YarnsandFibers News Bureau 2014-09-24 14:00:00 – India

Cotton, which was quoted at Rs 40,000 per candy last Thursday, was trading at Rs 37,000 per candy (a candy of 356 kg) on Tuesday, registering Rs 3,000 drop in price, a decline by 7.5 percent per candy over the last four days owing to poor demand from yarn mills and following new arrivals of the crop in state like Punjab.

The decline in price of cotton is attributed demand scarcity in the market. Yarn market is very dull at this point of time, which is a big setback for cotton. Liquidity crunch is also one of the reasons for downfall in cotton price, said Anand Popat, secretary, Saurashtra Ginners Association (SGA).

This year, cotton arrival season is likely to begin late by a month or two in November-December due to delayed monsoon, fresh crop has started arriving in well-irrigated places like Punjab. Estimates put forward by traders suggest daily arrival of 4,000 bales of cotton in Punjab.

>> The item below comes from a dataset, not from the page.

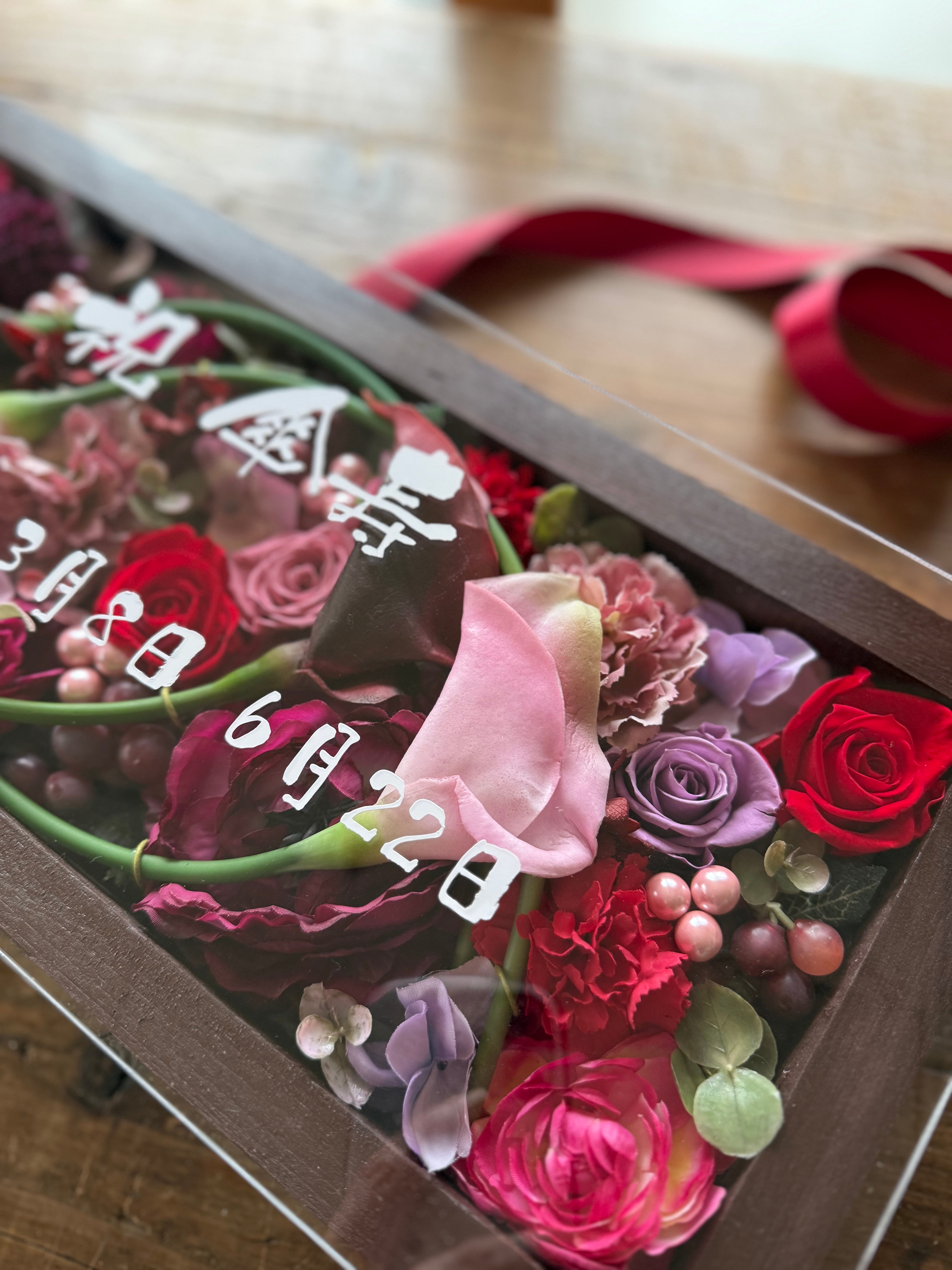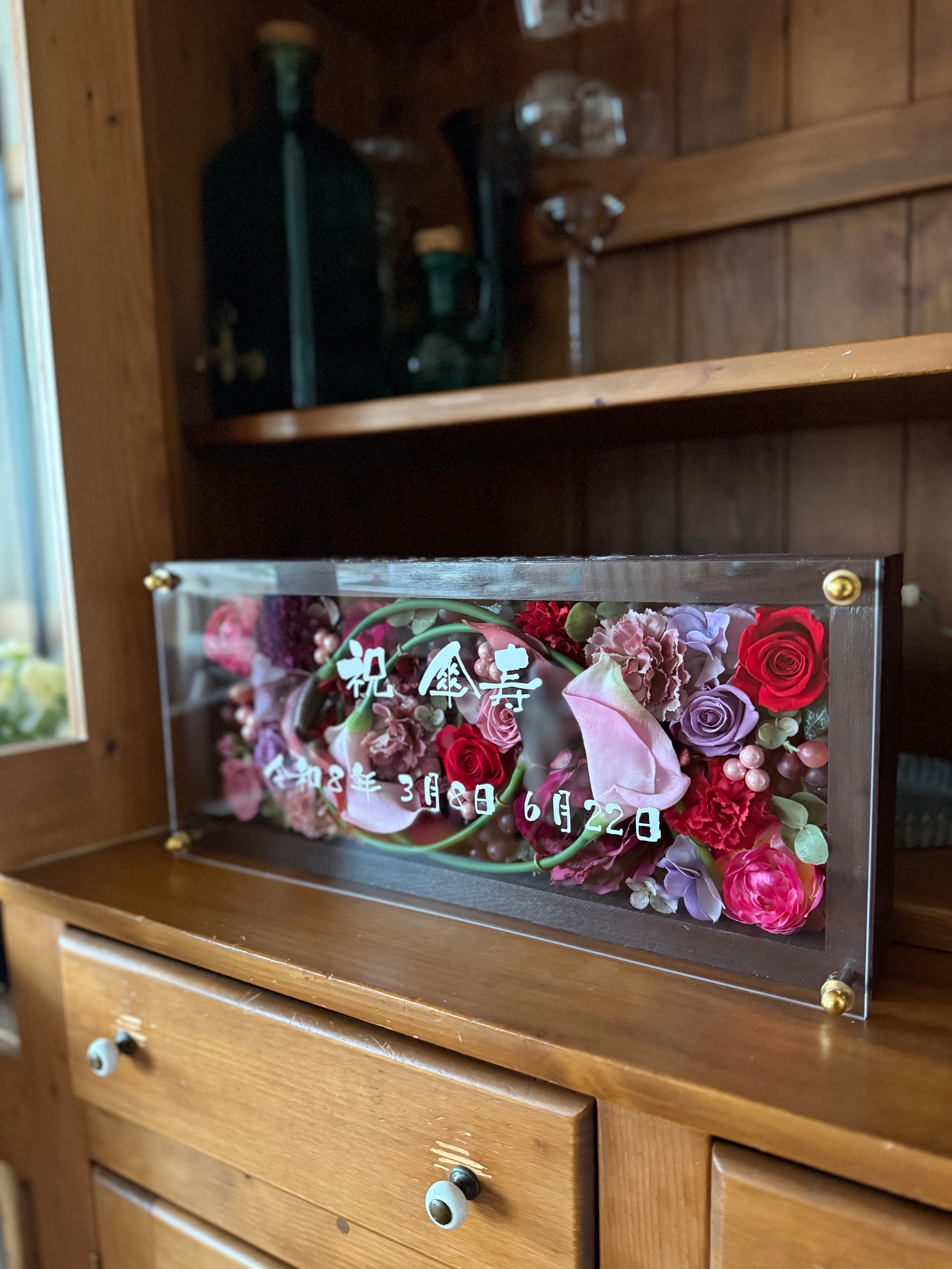 ロングサイズのウッドフレームにプリザーブドフラワーと造花をぎっしり詰め込み、アクリル板にはカッティングシートでメッセージをお入れします(木枠にも文字入れ可能)

According to Arun Dalal, a leading cotton trader from Ahmedabad, arrival of the new crop has started. Though it is slow and quality does not seem to be good enough, it has changed the dynamics of market and as a result, cotton prices have started dropping. In the past two weeks, cotton price has witness decrease by nearly Rs 3,500 per candy.

While, the spinning industry is of the opinion that higher domestic cotton price as compared to international prices coupled with lack of quality cotton worth spinning as well as high inventory have led to decline in demand from yarn mills.

According to a Saurashtra-based ginner, loss incurred last year has forced ginners in evincing least interest in doing forward trading this year. Moreover, there are no export inquiries floating, which may pressurize price of cotton in the coming days.

K Selvaraju of South India Mills Association (SIMA) said that there is drop seen in cotton prices due to the fact that yarn mills already have an inventory of good quality spinnable cotton. Plus, since it is the end of the season, there is no quality cotton available worth spinning and mills are waiting for the new arrival season to begin which is expected late in November-December.

Estimates of low export in the current season have also affected the market situation.

On the cotton exports from India, experts are of the view that in 2014-15 it is likely to decline to 6-7 million bales due to the anticipated poor Chinese demand against previous year, which touched 11 million bales of 170 kgs each in 2013-14 season (October-September).